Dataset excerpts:
☆ ☆ ☆

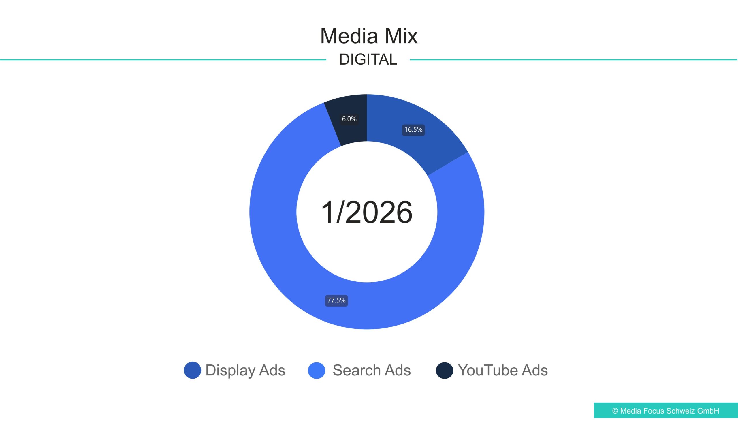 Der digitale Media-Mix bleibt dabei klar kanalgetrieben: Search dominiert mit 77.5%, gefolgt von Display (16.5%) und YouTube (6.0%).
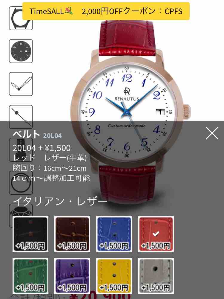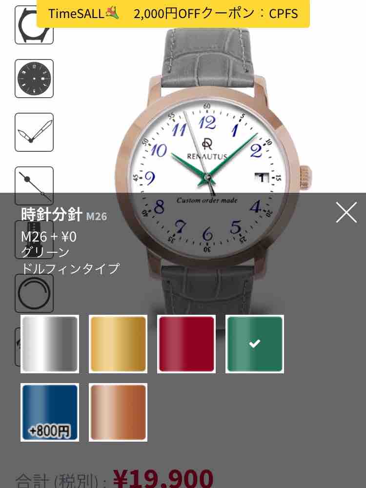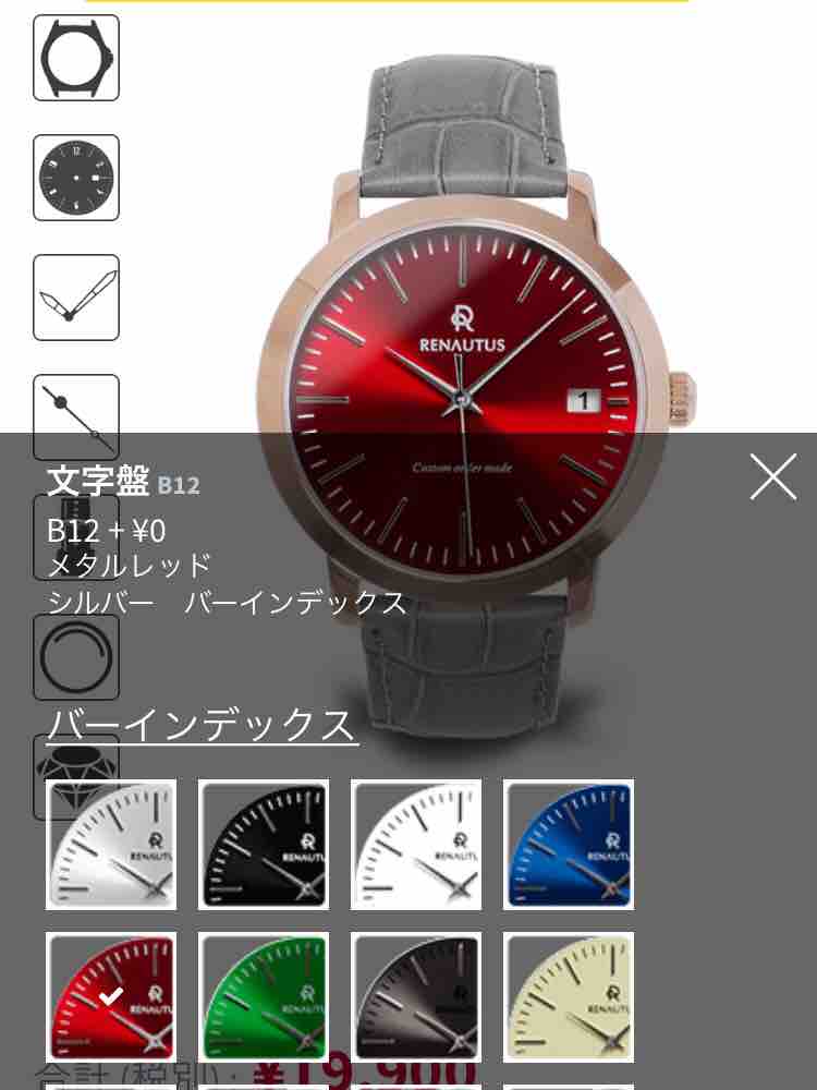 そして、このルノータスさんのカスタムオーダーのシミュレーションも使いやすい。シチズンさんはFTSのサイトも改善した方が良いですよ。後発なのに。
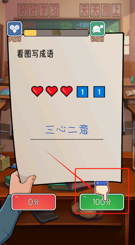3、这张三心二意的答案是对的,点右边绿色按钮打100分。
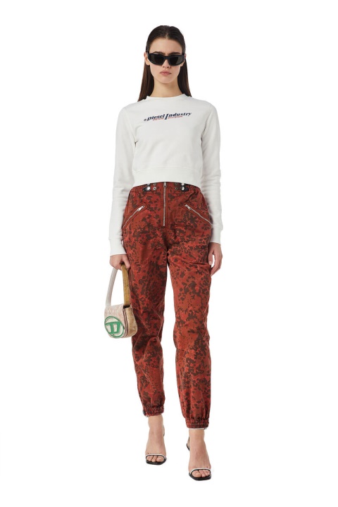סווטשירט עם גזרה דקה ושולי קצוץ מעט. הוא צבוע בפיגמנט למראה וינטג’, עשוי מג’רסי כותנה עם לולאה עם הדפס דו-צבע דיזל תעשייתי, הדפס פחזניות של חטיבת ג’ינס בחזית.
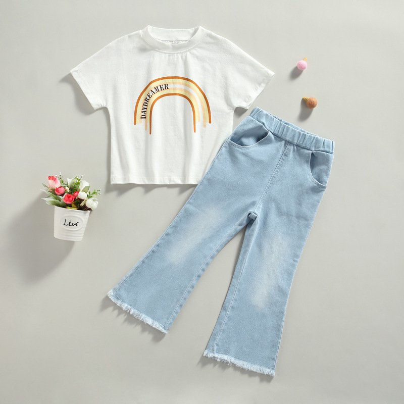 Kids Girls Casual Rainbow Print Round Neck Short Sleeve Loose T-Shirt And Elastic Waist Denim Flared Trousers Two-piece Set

☆ ☆ ☆

TASK DESCRIPTION » Copy the data in full. No pictures belong in the copy.

COMPLETED TASK »
 Der digitale Media-Mix bleibt dabei klar kanalgetrieben: Search dominiert mit 77.5%, gefolgt von Display (16.5%) und YouTube (6.0%).
 そして、このルノータスさんのカスタムオーダーのシミュレーションも使いやすい。シチズンさんはFTSのサイトも改善した方が良いですよ。後発なのに。
3、这张三心二意的答案是对的,点右边绿色按钮打100分。
סווטשירט עם גזרה דקה ושולי קצוץ מעט. הוא צבוע בפיגמנט למראה וינטג’, עשוי מג’רסי כותנה עם לולאה עם הדפס דו-צבע דיזל תעשייתי, הדפס פחזניות של חטיבת ג’ינס בחזית.
 Kids Girls Casual Rainbow Print Round Neck Short Sleeve Loose T-Shirt And Elastic Waist Denim Flared Trousers Two-piece Set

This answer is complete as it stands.